AutoGen Tutorial (Python): testing agents locally for beginners

By Cyprian AaronsUpdated 2026-04-21
autogentesting-agents-locally-for-beginnerspython

This tutorial shows you how to run and test an AutoGen agent locally in Python without wiring it into a full app first. You need this when you want to validate prompts, tool calls, message flow, and basic multi-agent behavior before you put the agent behind an API or UI.

What You'll Need

  • Python 3.10+
  • autogen-agentchat
  • autogen-ext
  • python-dotenv if you want to load keys from a .env file
  • An LLM API key for the model provider you choose
  • Basic familiarity with Python virtual environments
  • A local terminal and editor

Step-by-Step

  1. Create a clean project and install the packages.
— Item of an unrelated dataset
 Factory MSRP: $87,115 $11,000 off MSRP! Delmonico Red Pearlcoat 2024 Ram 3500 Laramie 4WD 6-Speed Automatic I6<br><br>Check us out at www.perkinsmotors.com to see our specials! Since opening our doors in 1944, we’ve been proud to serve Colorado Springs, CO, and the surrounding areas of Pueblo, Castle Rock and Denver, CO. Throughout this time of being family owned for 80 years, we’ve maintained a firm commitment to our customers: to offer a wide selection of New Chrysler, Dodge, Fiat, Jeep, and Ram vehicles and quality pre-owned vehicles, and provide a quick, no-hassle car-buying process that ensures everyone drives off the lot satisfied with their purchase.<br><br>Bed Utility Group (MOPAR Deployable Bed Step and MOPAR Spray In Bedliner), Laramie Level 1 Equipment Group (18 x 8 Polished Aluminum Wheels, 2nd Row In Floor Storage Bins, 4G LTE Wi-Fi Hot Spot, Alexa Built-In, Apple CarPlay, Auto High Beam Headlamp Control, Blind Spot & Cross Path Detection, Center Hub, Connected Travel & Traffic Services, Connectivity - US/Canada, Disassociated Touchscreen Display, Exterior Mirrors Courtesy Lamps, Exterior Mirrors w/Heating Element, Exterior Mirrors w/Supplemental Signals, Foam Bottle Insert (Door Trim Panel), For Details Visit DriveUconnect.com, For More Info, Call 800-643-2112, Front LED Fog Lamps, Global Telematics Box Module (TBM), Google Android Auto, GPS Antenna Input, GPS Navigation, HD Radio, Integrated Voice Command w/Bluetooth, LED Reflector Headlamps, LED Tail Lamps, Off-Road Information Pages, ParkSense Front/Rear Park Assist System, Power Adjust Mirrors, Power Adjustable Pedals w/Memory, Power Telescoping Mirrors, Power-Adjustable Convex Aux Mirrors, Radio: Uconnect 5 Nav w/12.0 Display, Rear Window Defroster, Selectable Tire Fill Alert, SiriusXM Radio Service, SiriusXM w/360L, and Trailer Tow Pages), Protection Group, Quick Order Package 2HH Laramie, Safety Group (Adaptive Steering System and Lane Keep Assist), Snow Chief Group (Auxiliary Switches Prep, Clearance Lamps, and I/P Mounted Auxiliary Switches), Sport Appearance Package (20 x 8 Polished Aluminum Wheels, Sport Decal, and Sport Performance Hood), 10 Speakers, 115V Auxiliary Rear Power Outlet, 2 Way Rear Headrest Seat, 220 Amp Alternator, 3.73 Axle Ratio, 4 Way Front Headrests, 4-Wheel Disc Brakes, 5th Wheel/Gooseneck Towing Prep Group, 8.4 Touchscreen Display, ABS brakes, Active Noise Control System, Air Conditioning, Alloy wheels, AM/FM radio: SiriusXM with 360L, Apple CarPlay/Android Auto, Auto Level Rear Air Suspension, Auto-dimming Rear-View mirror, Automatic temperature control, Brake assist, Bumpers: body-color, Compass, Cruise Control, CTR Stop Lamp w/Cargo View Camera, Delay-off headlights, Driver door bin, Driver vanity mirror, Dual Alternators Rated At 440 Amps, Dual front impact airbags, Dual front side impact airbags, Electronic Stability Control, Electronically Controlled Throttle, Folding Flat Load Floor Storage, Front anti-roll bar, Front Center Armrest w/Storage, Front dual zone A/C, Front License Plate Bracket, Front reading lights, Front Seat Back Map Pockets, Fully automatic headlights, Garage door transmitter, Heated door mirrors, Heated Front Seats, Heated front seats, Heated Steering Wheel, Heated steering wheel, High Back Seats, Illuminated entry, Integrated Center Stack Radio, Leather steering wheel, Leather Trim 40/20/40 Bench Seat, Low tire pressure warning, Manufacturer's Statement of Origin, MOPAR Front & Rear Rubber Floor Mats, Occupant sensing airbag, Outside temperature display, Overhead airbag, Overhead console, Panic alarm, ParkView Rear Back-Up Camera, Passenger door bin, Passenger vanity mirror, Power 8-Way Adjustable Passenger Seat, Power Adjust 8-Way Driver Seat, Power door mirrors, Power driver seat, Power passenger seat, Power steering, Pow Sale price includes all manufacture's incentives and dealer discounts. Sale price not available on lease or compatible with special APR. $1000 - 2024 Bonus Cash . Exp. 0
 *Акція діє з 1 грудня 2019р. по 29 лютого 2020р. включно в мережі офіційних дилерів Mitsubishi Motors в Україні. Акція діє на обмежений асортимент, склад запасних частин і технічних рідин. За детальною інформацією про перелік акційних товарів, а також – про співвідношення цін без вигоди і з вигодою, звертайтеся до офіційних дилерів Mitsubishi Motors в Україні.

Keep this isolated so you can test agent behavior without dependency noise from other projects.
mkdir autogen-local-test
cd autogen-local-test

python -m venv .venv
source .venv/bin/activate  # Windows: .venv\Scripts\activate

pip install autogen-agentchat autogen-ext python-dotenv
  1. Set your API key locally. For beginners, a .env file is the easiest way to keep secrets out of your code while still making the script runnable.
cat > .env << 'EOF'
OPENAI_API_KEY=your_api_key_here
EOF
  1. Create a minimal agent that can answer one question. This uses AutoGen’s modern agent-chat API and a real OpenAI client wrapper.
import asyncio
import os

from dotenv import load_dotenv
from autogen_agentchat.agents import AssistantAgent
from autogen_ext.models.openai import OpenAIChatCompletionClient

load_dotenv()

async def main() -> None:
    model_client = OpenAIChatCompletionClient(
        model="gpt-4o-mini",
        api_key=os.environ["OPENAI_API_KEY"],
    )

    agent = AssistantAgent(
        name="assistant",
        model_client=model_client,
        system_message="You are a concise assistant that answers directly.",
    )

    result = await agent.run(task="Say hello in one short sentence.")
    print(result.messages[-1].content)

if __name__ == "__main__":
    asyncio.run(main())
  1. Run the script and confirm the agent responds locally from your terminal. If this works, your environment, auth, and model client are all wired correctly.
python main.py
  1. Add a second agent so you can test local multi-agent coordination. This is useful when you want to see whether agents hand off work cleanly instead of just answering single prompts.
import asyncio
import os

from dotenv import load_dotenv
from autogen_agentchat.agents import AssistantAgent
from autogen_agentchat.team import RoundRobinGroupChat
from autogen_ext.models.openai import OpenAIChatCompletionClient

load_dotenv()

async def main() -> None:
    client = OpenAIChatCompletionClient(
        model="gpt-4o-mini",
        api_key=os.environ["OPENAI_API_KEY"],
    )

    planner = AssistantAgent(
        name="planner",
        model_client=client,
        system_message="You create short task plans.",
    )
    writer = AssistantAgent(
        name="writer",
        model_client=client,
        system_message="You turn plans into short final answers.",
    )

    team = RoundRobinGroupChat([planner, writer], max_turns=4)
    result = await team.run(task="Draft a 2-step plan for testing an agent locally.")
    print(result.messages[-1].content)

if __name__ == "__main__":
    asyncio.run(main())
  1. Test a tool call locally so you can verify the agent is not just chatting but also using functions correctly. Start with something deterministic like reading the current directory or doing simple math.
import asyncio
import os

from dotenv import load_dotenv
from autogen_agentchat.agents import AssistantAgent
from autogen_core.tools import FunctionTool
from autogen_ext.models.openai import OpenAIChatCompletionClient

load_dotenv()

def add(a: int, b: int) -> int:
    return a + b

async def main() -> None:
    client = OpenAIChatCompletionClient(
        model="gpt-4o-mini",
        api_key=os.environ["OPENAI_API_KEY"],
    )

    tool = FunctionTool(add, description="Add two integers.")
    agent = AssistantAgent(
        name="calculator",
        model_client=client,
        tools=[tool],
        system_message="Use tools when helpful.",
    )

    result = await agent.run(task="What is 12 + 30?")
    print(result.messages[-1].content)

if __name__ == "__main__":
    asyncio.run(main())

Testing It

Run each script separately and check three things: the process exits cleanly, the output matches what you asked for, and tool-based answers are actually using the function instead of guessing. If you get auth errors, re-check OPENAI_API_KEY; if you get import errors, confirm your virtual environment is active and packages are installed in that environment.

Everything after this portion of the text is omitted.